Partial Least Squares
A supervised dimension reduction method which proceeds roughly as follows
- Standardize the variables
- Compute Z1 by setting ϕj1=βj^ the ordinary least squares estimate
- For 1<m<M, Zm is determined by
- Adjust the data Xj=ϵj where ϵj is the residual from regression of Zm−1 onto Xj
- Compute Zm in the same fashion as Z1 on the adjusted data
As with PCR, M is chosen by cross-validation
Advantages
- Decreased variance of coefficient estimates relative to OLS regression
- Supervised dimension reduction may reduce bias
Disadvantages
- May increase variance relative to PCR (which is unsupervised).
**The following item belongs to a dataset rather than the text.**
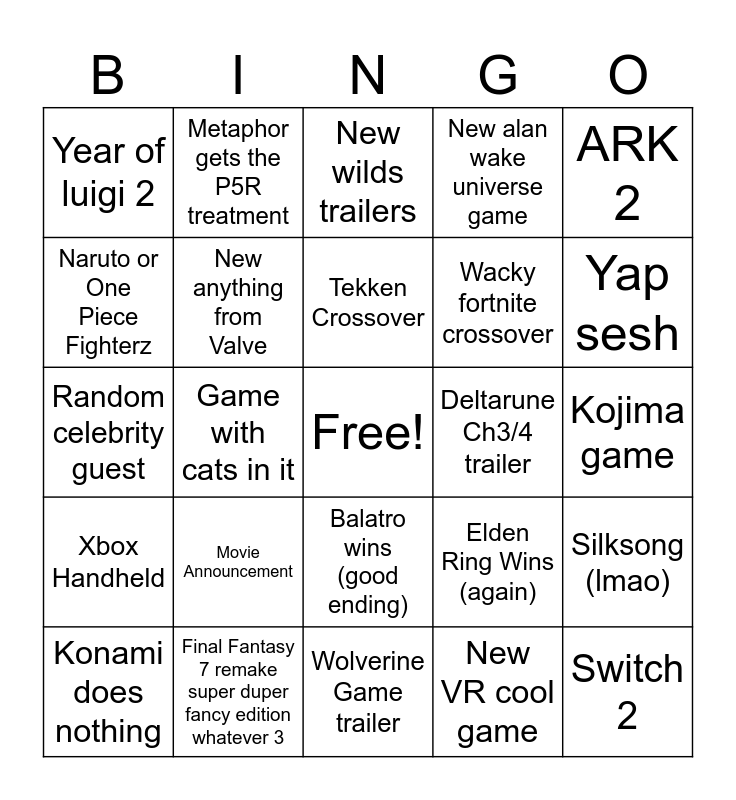 This bingo card has a free space and 24 words: Konami does nothing, Movie Announcement, Tekken Crossover, New VR cool game, ARK 2, Year of luigi 2, Metaphor gets the P5R treatment, New wilds trailers, Deltarune Ch3/4 trailer, Kojima game, Random celebrity guest, New anything from Valve, Elden Ring Wins (again), Silksong (lmao), Naruto or One Piece Fighterz, Final Fantasy 7 remake super duper fancy edition whatever 3, Wolverine Game trailer, New alan wake universe game, Yap sesh, Xbox Handheld, Game with cats in it, Balatro wins (good ending), Wacky fortnite crossover and Switch 2.

- May be no better than PCR in practice
Considerations in High Dimensions
High-Dimensional Data
Low dimensional means p<<n, high dimensional is p≳n
What Goes Wrong in High Dimensions?
-
If p≳n, then linear models will create a perfect fit, hence overfit (usually badly)
-
Cp, AIC, BIC, and R2 approaches don’t work in well in this setting
Regression in High Dimensions
- Regularization or shrinkage plays a key role in high-dimensional problems.
- Appropriate tuning parameter selection is crucial for good predictive performance.
- The test error tends to increase as the dimensionality of the problem increases if the additional features aren’t truly associated with the response (the curse of dimensionality)
Interpreting Results in High Dimensions
-
Multicollinearity problem is maximal in high dimensional setting
-
This makes interpretation difficult, since models obtained from highly multicollinear data fail to identify which features are “preferred”
-
Care must be taken to measure performance